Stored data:
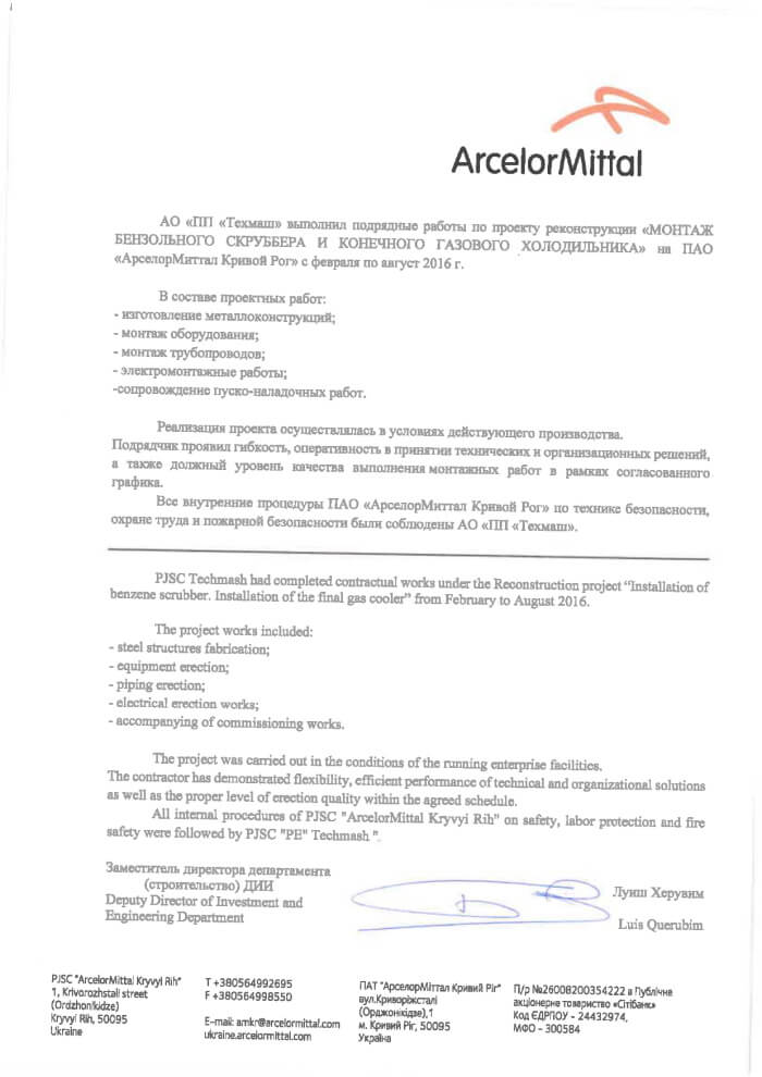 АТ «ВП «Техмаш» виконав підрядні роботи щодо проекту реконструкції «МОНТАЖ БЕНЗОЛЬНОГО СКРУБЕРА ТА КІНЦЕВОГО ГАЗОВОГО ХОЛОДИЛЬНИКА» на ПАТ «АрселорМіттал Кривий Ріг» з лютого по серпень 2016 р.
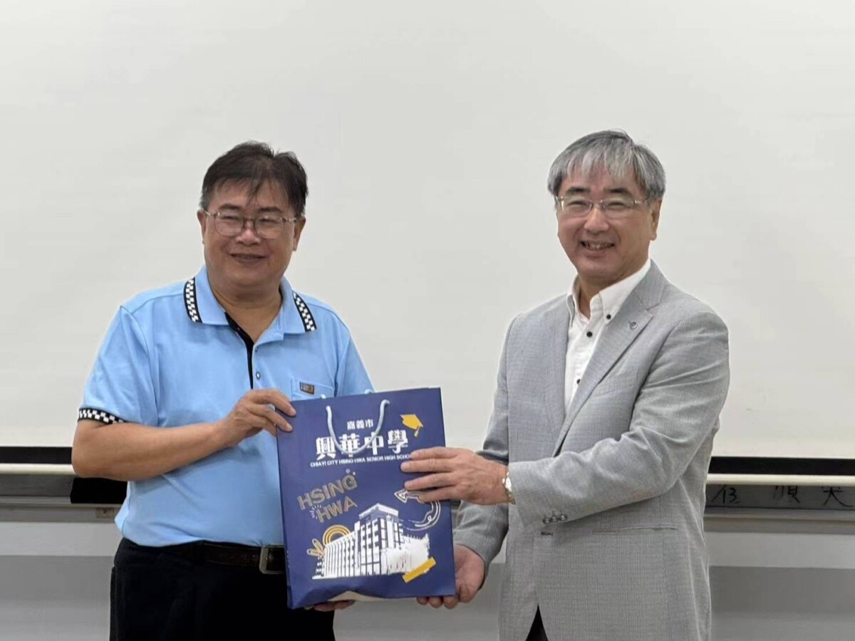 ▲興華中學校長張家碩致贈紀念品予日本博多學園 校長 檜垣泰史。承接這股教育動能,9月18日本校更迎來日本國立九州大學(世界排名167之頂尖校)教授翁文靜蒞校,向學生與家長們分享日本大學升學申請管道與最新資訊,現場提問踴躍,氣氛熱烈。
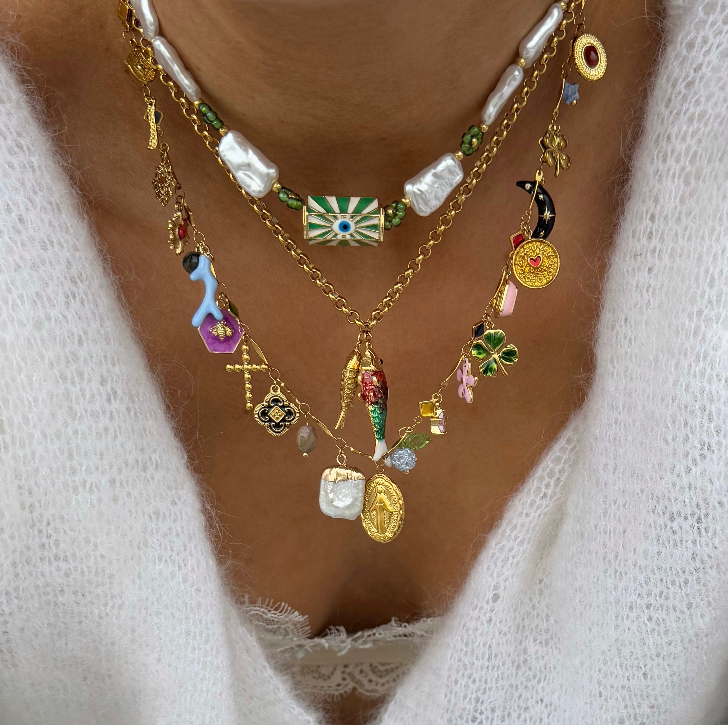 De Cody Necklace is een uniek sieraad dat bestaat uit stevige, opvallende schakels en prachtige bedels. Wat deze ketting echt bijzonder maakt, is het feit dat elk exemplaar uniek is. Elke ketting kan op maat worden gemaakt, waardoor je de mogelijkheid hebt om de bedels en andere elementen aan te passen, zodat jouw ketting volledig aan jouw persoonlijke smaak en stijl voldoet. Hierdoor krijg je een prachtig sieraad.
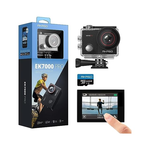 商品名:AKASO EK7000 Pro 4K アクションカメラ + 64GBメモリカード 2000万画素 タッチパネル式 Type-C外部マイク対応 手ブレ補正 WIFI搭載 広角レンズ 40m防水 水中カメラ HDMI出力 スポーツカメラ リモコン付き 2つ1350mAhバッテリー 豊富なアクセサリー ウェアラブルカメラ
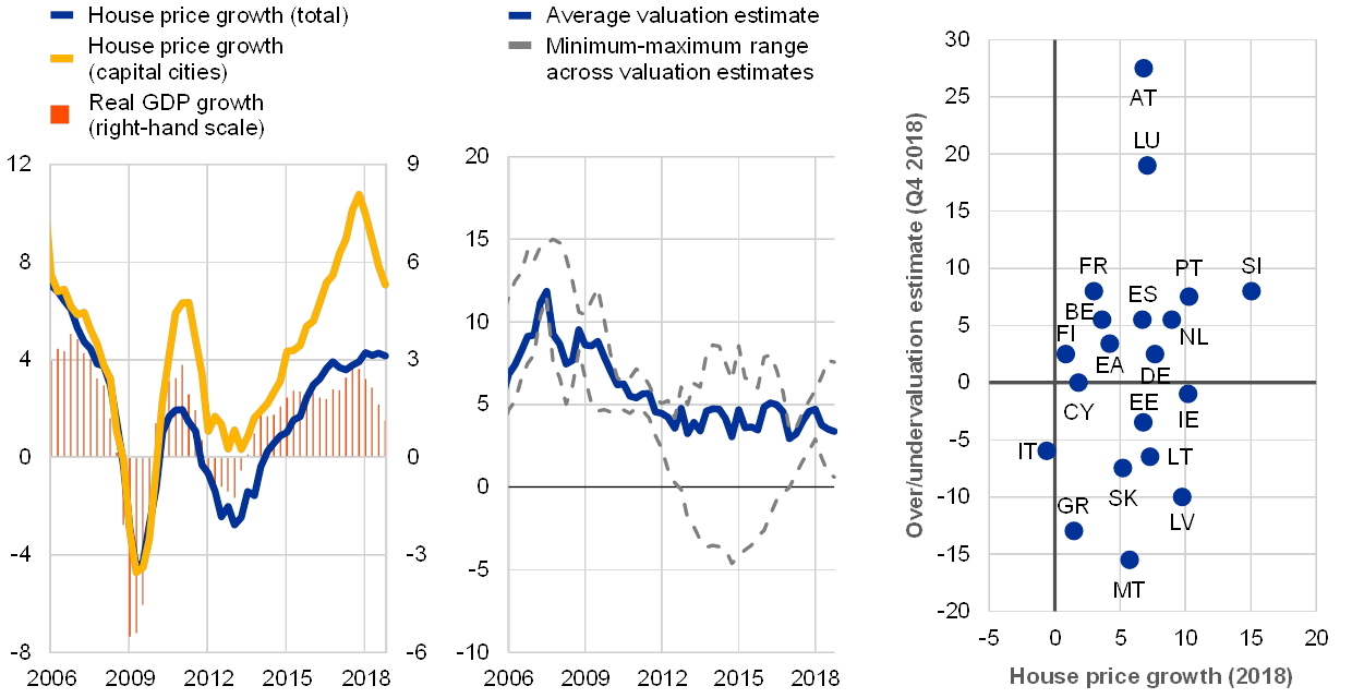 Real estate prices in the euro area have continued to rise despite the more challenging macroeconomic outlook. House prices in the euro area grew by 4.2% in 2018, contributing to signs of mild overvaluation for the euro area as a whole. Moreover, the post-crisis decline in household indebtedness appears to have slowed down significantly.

__Task prompt__:
Return every entry of the data above verbatim, with no images included.

__Solution to this task__:
 АТ «ВП «Техмаш» виконав підрядні роботи щодо проекту реконструкції «МОНТАЖ БЕНЗОЛЬНОГО СКРУБЕРА ТА КІНЦЕВОГО ГАЗОВОГО ХОЛОДИЛЬНИКА» на ПАТ «АрселорМіттал Кривий Ріг» з лютого по серпень 2016 р.
 ▲興華中學校長張家碩致贈紀念品予日本博多學園 校長 檜垣泰史。承接這股教育動能,9月18日本校更迎來日本國立九州大學(世界排名167之頂尖校)教授翁文靜蒞校,向學生與家長們分享日本大學升學申請管道與最新資訊,現場提問踴躍,氣氛熱烈。
 De Cody Necklace is een uniek sieraad dat bestaat uit stevige, opvallende schakels en prachtige bedels. Wat deze ketting echt bijzonder maakt, is het feit dat elk exemplaar uniek is. Elke ketting kan op maat worden gemaakt, waardoor je de mogelijkheid hebt om de bedels en andere elementen aan te passen, zodat jouw ketting volledig aan jouw persoonlijke smaak en stijl voldoet. Hierdoor krijg je een prachtig sieraad.
 商品名:AKASO EK7000 Pro 4K アクションカメラ + 64GBメモリカード 2000万画素 タッチパネル式 Type-C外部マイク対応 手ブレ補正 WIFI搭載 広角レンズ 40m防水 水中カメラ HDMI出力 スポーツカメラ リモコン付き 2つ1350mAhバッテリー 豊富なアクセサリー ウェアラブルカメラ
 Real estate prices in the euro area have continued to rise despite the more challenging macroeconomic outlook. House prices in the euro area grew by 4.2% in 2018, contributing to signs of mild overvaluation for the euro area as a whole. Moreover, the post-crisis decline in household indebtedness appears to have slowed down significantly.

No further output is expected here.